AMHERST – More than 300 volunteers and University of Massachusetts staff and chefs wearing T-shirts proclaiming the future fashioned the longest California roll in history on Monday.
Volunteers wearing T-shirts that read “UMass, Amherst home of the world’s longest California roll” sealed 650 sheets of nori – seaweed – then “glued” it in place with about 200 pounds of sushi rice, then laid on avocado, cucumber and Alaskan crab … and then rolled all of it into a 422-foot long sushi roll, eclipsing the current record of 340 feet set last November at the University of California, Berkeley.
The endeavor that took about 90 minutes “builds a sense of community,” said Jean Kim, vice chancellor for student affairs and campus life. And she said, “we’re about making records.”
Chancellor Robert C. Holub, who held a range of positions at Berkeley, said “we are out to take every record from them. We’re going to start with the sushi.” Like all the others, he was clad in the special T-shirt and the striped sushi chef hat.
The event in the horseshoe outside of the Whitmore Administration building drew hundreds of spectators, many with cameras, as well as Wally the Green Monster Red Sox Mascot and Sam the UMass Minuteman mascot.
Food Network chef Jet Tila led the proceedings. Just before work commenced he told the crowd that in order to break the world’s record “you must believe, you must visualize, you must know you can do it.”
Barbara J. Decker was helping with her son Paul R. Decker and her husband Eric A. Decker, a professor in the food science department at UMass. She said, “I couldn’t break any records period. So I want to be a part of breaking the record.” Her husband said, “I’m a big supporter of Ken Toong (director of auxiliary enterprises at UMass).”

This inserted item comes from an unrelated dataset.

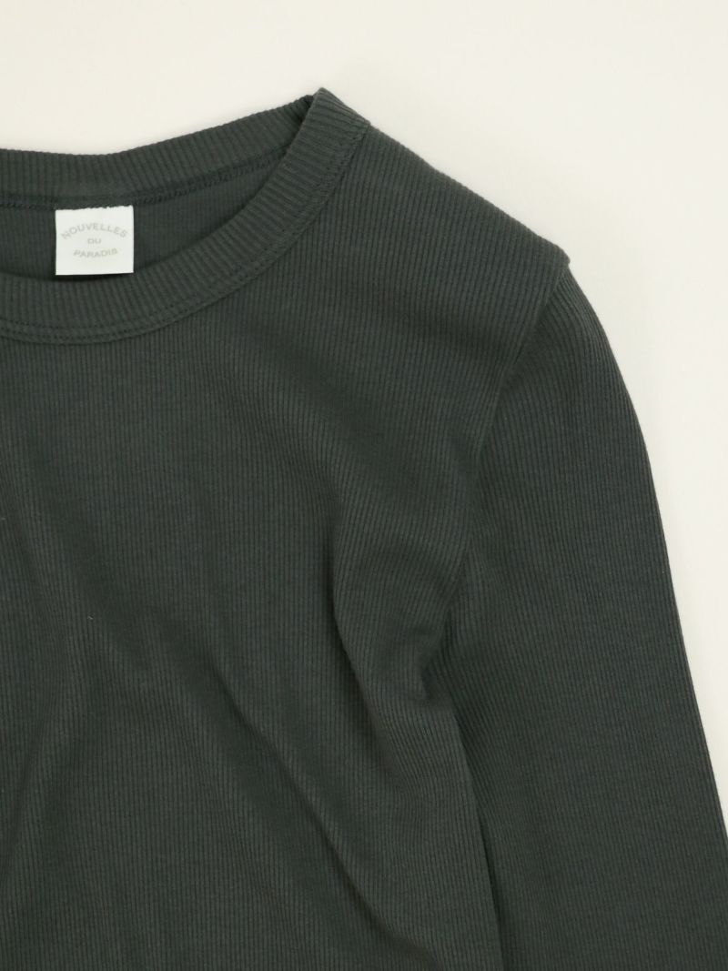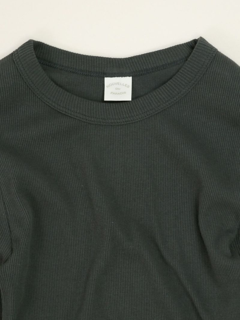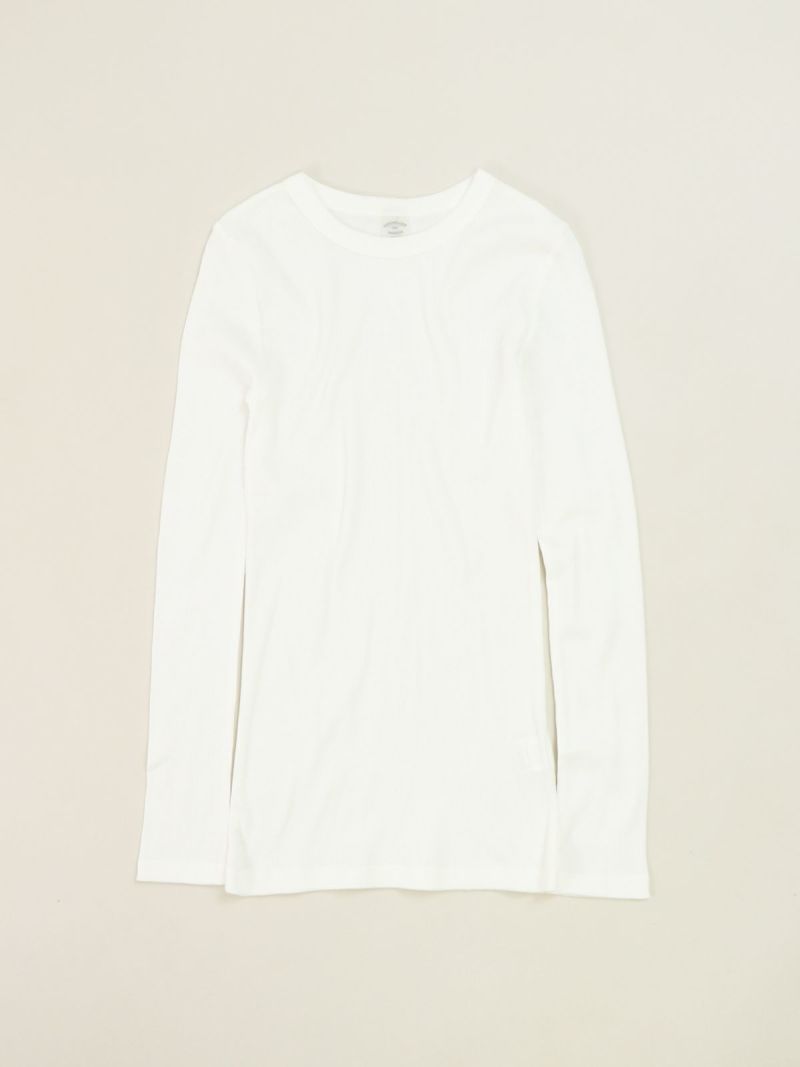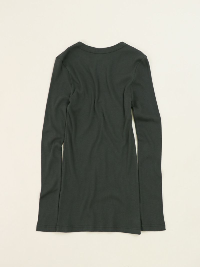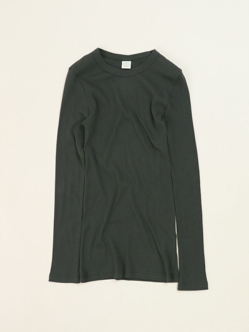 定番のテレコカットソー。 伸縮性があるので、身体に程よくフィットします。コットン100%のさらっとした肌触りが、素肌に優しく着心地の良い一枚です。首元が空きすぎないところもポイントです。

Tila said this was the second world record he was going for. He previouly created the world’s largest stir fry by cooking 1,805 pounds of food in one wok.
Sonia Weiss and Daniel S. Abrams, of Marlboro, had stationed themselves to straddle the world record line which they initially thought was 330 feet but later moved to the 340 line, he standing on the old record and she on the line of breaking it.
“This is so cool,” Abrams said. In preparation they watched video on how to roll the sushi.